Saints survive 19-hit barrage, edge Mud Hens 10-9
The Saints survived 19 hits and a ninth-inning scare, then turned one plate play into a 10-9 win. Matt Wallner tied the franchise homer mark, and Toledo still could not finish the job.

St. Paul was supposed to get buried in this one. Instead, the Saints soaked up 19 hits at Fifth Third Field, never retired Toledo in order, gave up runs in six of nine innings and still walked away with a 10-9 win that said more about resilience than run prevention.
That kind of game tests every layer of a roster, and the Saints passed the test with offense early and defense late. Matt Wallner cracked a two-run homer in the first inning, his seventh of the season and his 48th in a Saints uniform, tying Chris Williams for the Triple-A franchise record. The next night, Wallner would break the mark with his 49th, but this win already had the feel of a player forcing the conversation. For a Minnesota organization always hunting for bats that can matter quickly, Wallner looked like the loudest answer on the field.

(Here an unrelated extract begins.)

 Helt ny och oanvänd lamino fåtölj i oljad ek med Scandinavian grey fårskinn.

The rest of the lineup did enough damage to keep St. Paul ahead in a game that kept slipping into chaos. Henry Kusiak picked up his first Triple-A hit, while Tanner Schobel and Noah Cardenas contributed from the bottom of the order. Across the diamond, Tyler Gentry kept Toledo alive with four hits, the sort of night that showed why the Mud Hens were such a tough opponent in a series that had already swung from a 12-1 Saints win on June 10 to a 1-0 Toledo shutout on June 11.

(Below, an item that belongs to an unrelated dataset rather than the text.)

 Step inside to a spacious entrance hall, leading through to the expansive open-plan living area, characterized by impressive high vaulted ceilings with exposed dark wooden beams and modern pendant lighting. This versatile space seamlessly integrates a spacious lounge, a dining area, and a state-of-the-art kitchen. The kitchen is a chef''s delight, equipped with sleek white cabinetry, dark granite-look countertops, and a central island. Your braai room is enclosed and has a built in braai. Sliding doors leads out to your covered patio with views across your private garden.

The ninth inning delivered the sort of sequence that can define a road win. Tyler Gentry opened with a single, Max Clark followed with a bunt popup, and Max Anderson ripped a double off the wall. But Ben Ross and Kaelen Culpepper teamed with Cardenas and the cutoff to throw out Gentry at the plate, preserving the lead before Trent Baker struck out Gage Workman to end it. In a game where nothing came easy, that was the play that mattered most.
The Saints did not leave Toledo with a clean pitching line. They left with proof that they can survive a barrage, score enough to stay in it and finish when the last out is hanging in the air. For a team under constant roster pressure, that is the kind of ugly win that gets noticed.